Available records:

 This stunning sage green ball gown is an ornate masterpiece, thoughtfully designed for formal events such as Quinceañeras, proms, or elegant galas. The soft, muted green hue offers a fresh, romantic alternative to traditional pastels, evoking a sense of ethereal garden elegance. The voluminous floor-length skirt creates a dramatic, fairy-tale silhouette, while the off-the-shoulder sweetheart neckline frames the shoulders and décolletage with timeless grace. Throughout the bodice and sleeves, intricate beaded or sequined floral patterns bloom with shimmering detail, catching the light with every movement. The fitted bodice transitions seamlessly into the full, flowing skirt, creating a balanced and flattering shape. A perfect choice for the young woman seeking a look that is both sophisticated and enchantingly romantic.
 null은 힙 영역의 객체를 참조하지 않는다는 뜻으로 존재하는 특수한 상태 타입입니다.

---

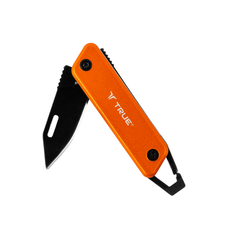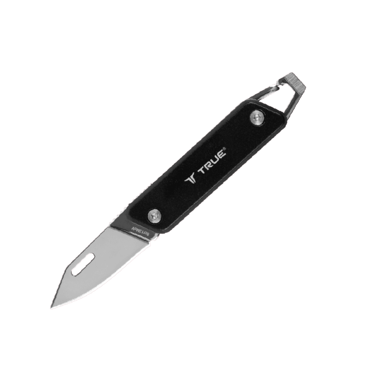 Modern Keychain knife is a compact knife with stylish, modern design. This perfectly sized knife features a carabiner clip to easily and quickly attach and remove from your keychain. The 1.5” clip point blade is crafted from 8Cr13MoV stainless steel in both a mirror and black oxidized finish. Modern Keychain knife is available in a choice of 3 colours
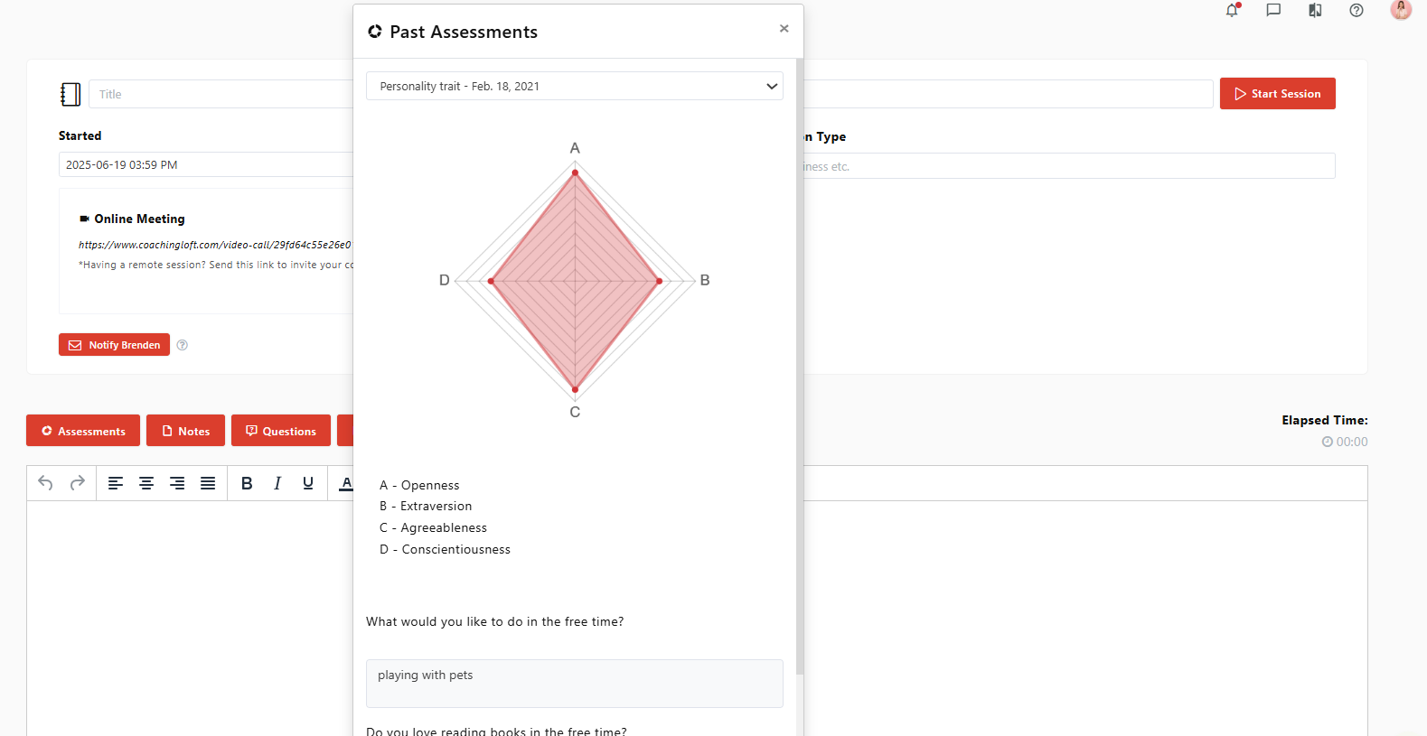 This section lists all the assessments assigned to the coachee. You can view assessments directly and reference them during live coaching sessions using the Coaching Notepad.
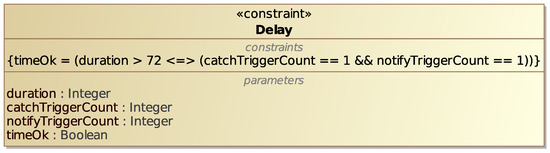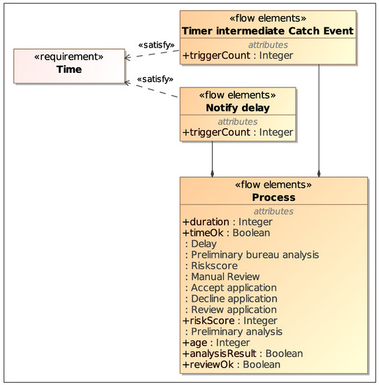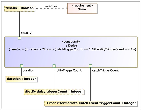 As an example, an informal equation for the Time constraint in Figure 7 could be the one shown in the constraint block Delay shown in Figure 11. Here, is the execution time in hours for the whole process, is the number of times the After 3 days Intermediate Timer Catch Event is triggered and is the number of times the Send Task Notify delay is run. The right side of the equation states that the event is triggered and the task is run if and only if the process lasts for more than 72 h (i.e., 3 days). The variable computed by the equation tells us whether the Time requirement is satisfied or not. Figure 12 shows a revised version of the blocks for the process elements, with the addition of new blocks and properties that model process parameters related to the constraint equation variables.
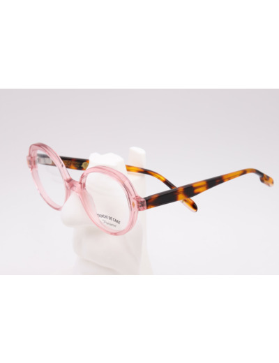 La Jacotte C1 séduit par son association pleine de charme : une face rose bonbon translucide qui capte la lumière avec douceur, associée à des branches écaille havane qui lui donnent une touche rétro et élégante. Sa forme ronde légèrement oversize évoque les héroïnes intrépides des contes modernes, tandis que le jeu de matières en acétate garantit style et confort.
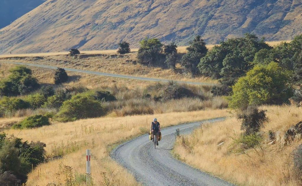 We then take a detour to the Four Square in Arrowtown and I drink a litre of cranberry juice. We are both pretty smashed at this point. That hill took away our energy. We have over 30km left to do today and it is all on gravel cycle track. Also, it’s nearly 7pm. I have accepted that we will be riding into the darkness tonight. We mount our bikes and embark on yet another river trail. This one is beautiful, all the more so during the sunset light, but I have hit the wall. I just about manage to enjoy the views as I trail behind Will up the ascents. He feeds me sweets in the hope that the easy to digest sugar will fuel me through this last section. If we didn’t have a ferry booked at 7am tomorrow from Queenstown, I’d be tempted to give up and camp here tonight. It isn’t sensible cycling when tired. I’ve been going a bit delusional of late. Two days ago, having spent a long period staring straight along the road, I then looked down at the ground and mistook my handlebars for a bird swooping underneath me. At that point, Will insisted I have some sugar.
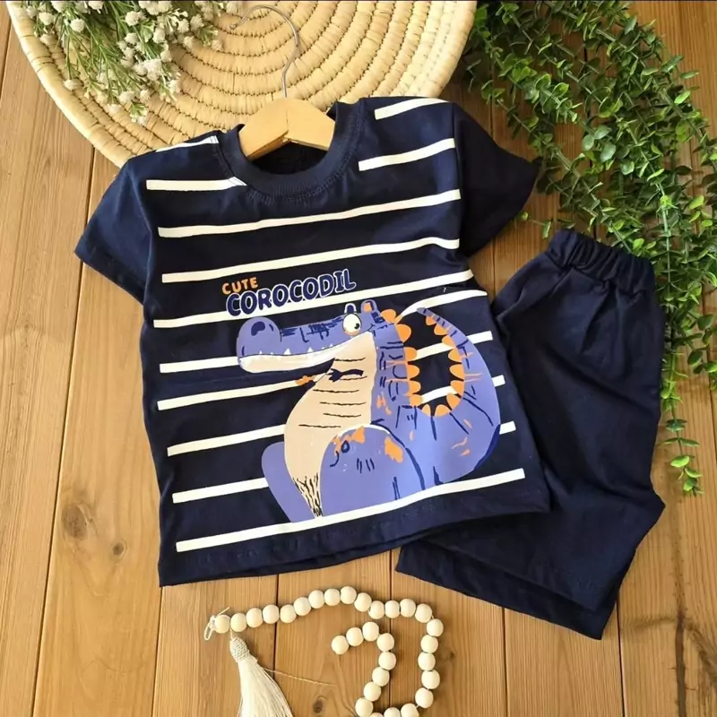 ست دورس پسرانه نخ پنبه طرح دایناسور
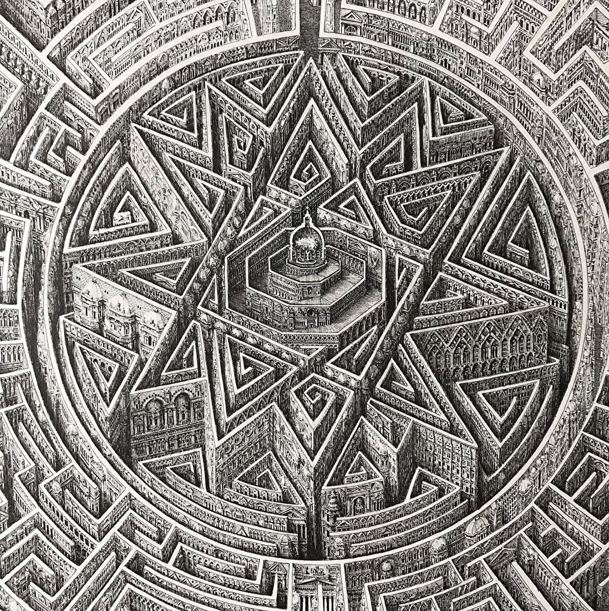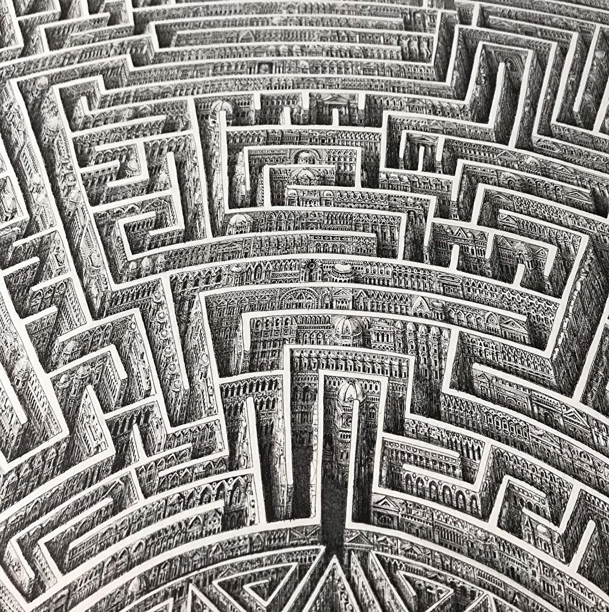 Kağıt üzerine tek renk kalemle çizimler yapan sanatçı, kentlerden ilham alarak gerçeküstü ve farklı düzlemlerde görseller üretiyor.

...

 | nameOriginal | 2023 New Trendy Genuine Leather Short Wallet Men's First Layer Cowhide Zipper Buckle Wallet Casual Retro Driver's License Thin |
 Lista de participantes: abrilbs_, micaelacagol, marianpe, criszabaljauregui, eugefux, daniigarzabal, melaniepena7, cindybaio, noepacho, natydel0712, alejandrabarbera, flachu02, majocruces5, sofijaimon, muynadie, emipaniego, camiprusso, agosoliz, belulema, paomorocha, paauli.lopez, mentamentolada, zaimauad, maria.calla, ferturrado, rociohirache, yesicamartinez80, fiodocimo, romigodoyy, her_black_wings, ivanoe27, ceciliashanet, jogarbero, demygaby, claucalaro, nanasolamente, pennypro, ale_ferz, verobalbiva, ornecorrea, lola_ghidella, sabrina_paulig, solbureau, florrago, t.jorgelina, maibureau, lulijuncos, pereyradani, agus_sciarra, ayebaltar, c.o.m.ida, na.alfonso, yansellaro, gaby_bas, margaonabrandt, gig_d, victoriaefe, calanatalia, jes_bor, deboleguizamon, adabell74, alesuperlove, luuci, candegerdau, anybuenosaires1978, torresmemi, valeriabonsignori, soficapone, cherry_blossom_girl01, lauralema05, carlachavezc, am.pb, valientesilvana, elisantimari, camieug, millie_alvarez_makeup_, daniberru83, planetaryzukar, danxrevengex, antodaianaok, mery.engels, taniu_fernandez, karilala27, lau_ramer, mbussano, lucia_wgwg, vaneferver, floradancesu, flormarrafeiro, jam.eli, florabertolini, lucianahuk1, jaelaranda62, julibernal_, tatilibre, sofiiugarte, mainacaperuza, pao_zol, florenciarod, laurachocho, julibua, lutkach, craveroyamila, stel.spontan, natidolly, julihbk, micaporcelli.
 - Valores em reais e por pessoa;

What the task requires: Begin at the line in the entries above that has "As an example, an", stop after the line that has "La Jacotte C1", and output exactly those lines without pictures.

Task solution:
 As an example, an informal equation for the Time constraint in Figure 7 could be the one shown in the constraint block Delay shown in Figure 11. Here, is the execution time in hours for the whole process, is the number of times the After 3 days Intermediate Timer Catch Event is triggered and is the number of times the Send Task Notify delay is run. The right side of the equation states that the event is triggered and the task is run if and only if the process lasts for more than 72 h (i.e., 3 days). The variable computed by the equation tells us whether the Time requirement is satisfied or not. Figure 12 shows a revised version of the blocks for the process elements, with the addition of new blocks and properties that model process parameters related to the constraint equation variables.
 La Jacotte C1 séduit par son association pleine de charme : une face rose bonbon translucide qui capte la lumière avec douceur, associée à des branches écaille havane qui lui donnent une touche rétro et élégante. Sa forme ronde légèrement oversize évoque les héroïnes intrépides des contes modernes, tandis que le jeu de matières en acétate garantit style et confort.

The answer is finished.